- Work to be completed -
The required output is the stretch from the line containing "برای فضاهایی که" through the line containing "Дата и время наказания/нарушения: 2 Ноя 2025" in the records below, unaltered and with no pictures.

══ Provided data

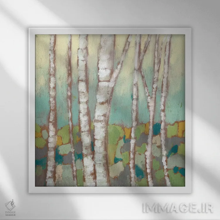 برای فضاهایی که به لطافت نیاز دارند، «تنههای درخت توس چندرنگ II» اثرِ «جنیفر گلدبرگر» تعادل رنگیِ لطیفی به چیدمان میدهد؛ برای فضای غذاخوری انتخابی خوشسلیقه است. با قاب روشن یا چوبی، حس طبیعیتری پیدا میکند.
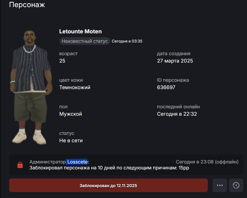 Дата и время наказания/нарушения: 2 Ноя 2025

════
══ Provided data

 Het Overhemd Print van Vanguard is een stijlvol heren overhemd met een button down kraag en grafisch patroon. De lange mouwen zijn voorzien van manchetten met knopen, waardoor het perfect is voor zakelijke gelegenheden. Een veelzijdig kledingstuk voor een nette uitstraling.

════
══ Provided data

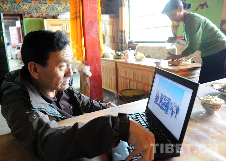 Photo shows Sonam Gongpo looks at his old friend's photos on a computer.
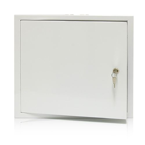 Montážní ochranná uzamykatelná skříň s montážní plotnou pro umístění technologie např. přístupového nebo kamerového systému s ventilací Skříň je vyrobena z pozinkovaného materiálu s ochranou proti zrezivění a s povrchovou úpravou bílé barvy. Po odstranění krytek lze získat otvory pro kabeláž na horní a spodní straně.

════

- Reply to the exercise -
 برای فضاهایی که به لطافت نیاز دارند، «تنههای درخت توس چندرنگ II» اثرِ «جنیفر گلدبرگر» تعادل رنگیِ لطیفی به چیدمان میدهد؛ برای فضای غذاخوری انتخابی خوشسلیقه است. با قاب روشن یا چوبی، حس طبیعیتری پیدا میکند.
 Дата и время наказания/нарушения: 2 Ноя 2025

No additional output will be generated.